住む世界が違う人で、ついこの間まで喧嘩をしていたのか連絡をとっておらず、かと思えば彼女の言葉の端々に及川徹の影がちらついている。ありがとう、と電話を終えて笑った彼女の表情は、今までで一番朗らかだった。苦さをどこにも潜ませない、少しだけ照れたようで、安心したような、顔。
「…及川と名字って、高校のときはどんなふうだったんだ?」
やけにべたついたシャツを背中から剥がして、裾をはためかせながら問いかける。松川が「名前ちゃん高校は違うからそんな知らないけど」と前置きをしてから、思い出すように斜め上を見上げながら記憶を漁っていた。
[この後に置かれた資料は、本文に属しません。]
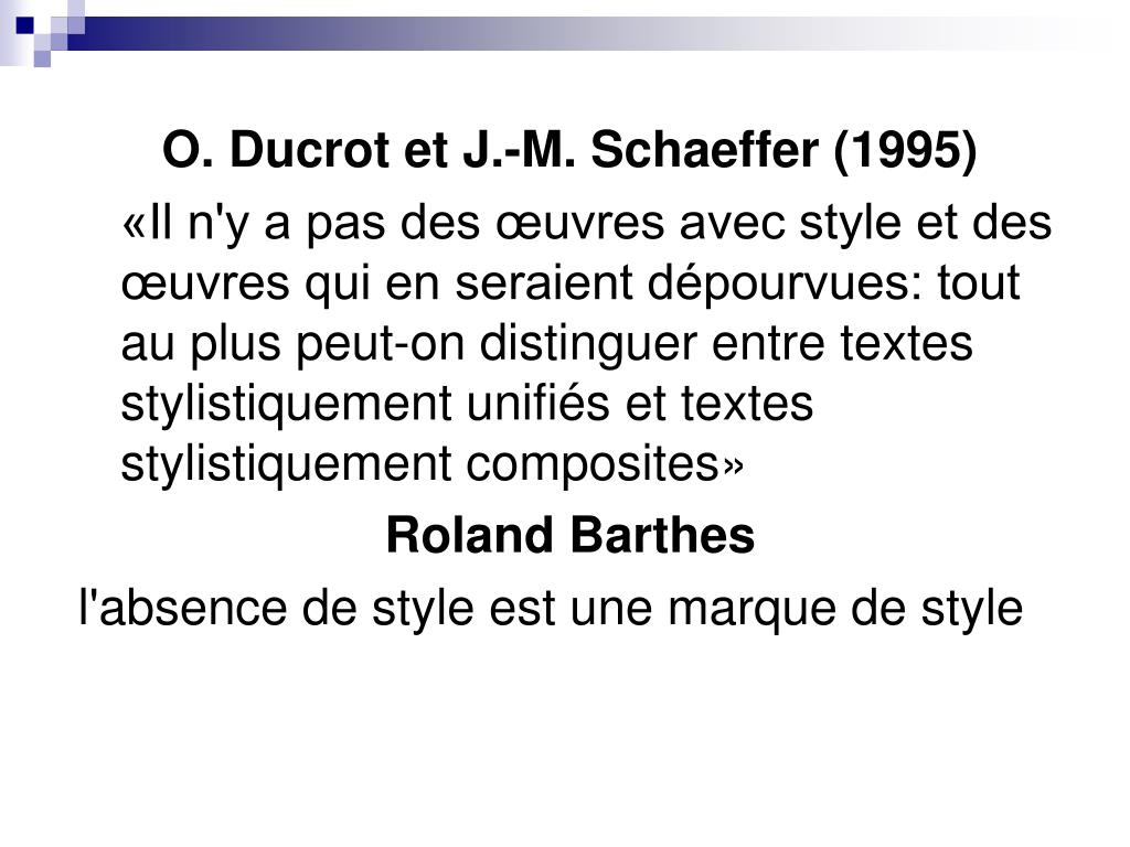 O. Ducrot et J.-M. Schaeffer (1995) «Il n'y a pas des œuvres avec style et des œuvres qui en seraient dépourvues: tout au plus peut-on distinguer entre textes stylistiquement unifiés et textes stylistiquement composites» Roland Barthes l'absence de style est une marque de style

「試合とか応援よく来てて、及川がそん時付き合ってた子より先に名前ちゃんとこ行って、喧嘩して別れたっていうの聞いたことあるわ」
「及川がフラれる原因が、バレーばっかでかまってくれない。元カノと名前を間違える、んで、カノジョより名前ちゃんを優先させる、だったからな。――まあこれでよくあいつも好きじゃないとか言えてたろ」
本当になと松川が笑った声にかぶさるように岩泉の集合の声が響く。
彼が時折表情を歪めるのは、及川と名字がすれ違ってばかりいるからだったのだろうか。幼馴染として、二人の行く末を応援していたのかもしれない。だからこそ、菅原がそこにいることがある意味不安要素――自分で言うのもなんだが――で、無意識のうちに顔に出ていたのだろう。憶測ではあるけれど、確かに、岩泉と名字がそういう関係だったのかもしれないと過った先日よりも、及川と名字がそうだったのだと言われるほうが妥当のように思えた。
――本当にそうだというのなら、彼女たちはあまりに不器用だ。その隙間にお互いで溝を作りあっていて寂しい気持ちに蓋をしていて、その実埋めるための機会を手放し続けていた。
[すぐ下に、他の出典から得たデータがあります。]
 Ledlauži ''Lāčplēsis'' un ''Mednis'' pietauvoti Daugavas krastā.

いや、だから彼女はここにきて向き合おうとしたのだろう。
頑張って。静かな公園で響いた声。そのたった一言を推し量るには、彼女と及川の隙間にあったものを知らない。
花巻が及川に負けんなと笑っていたのに、そんなんじゃねえってと返した言葉は先程否定したよりも幾分宙に浮いていた。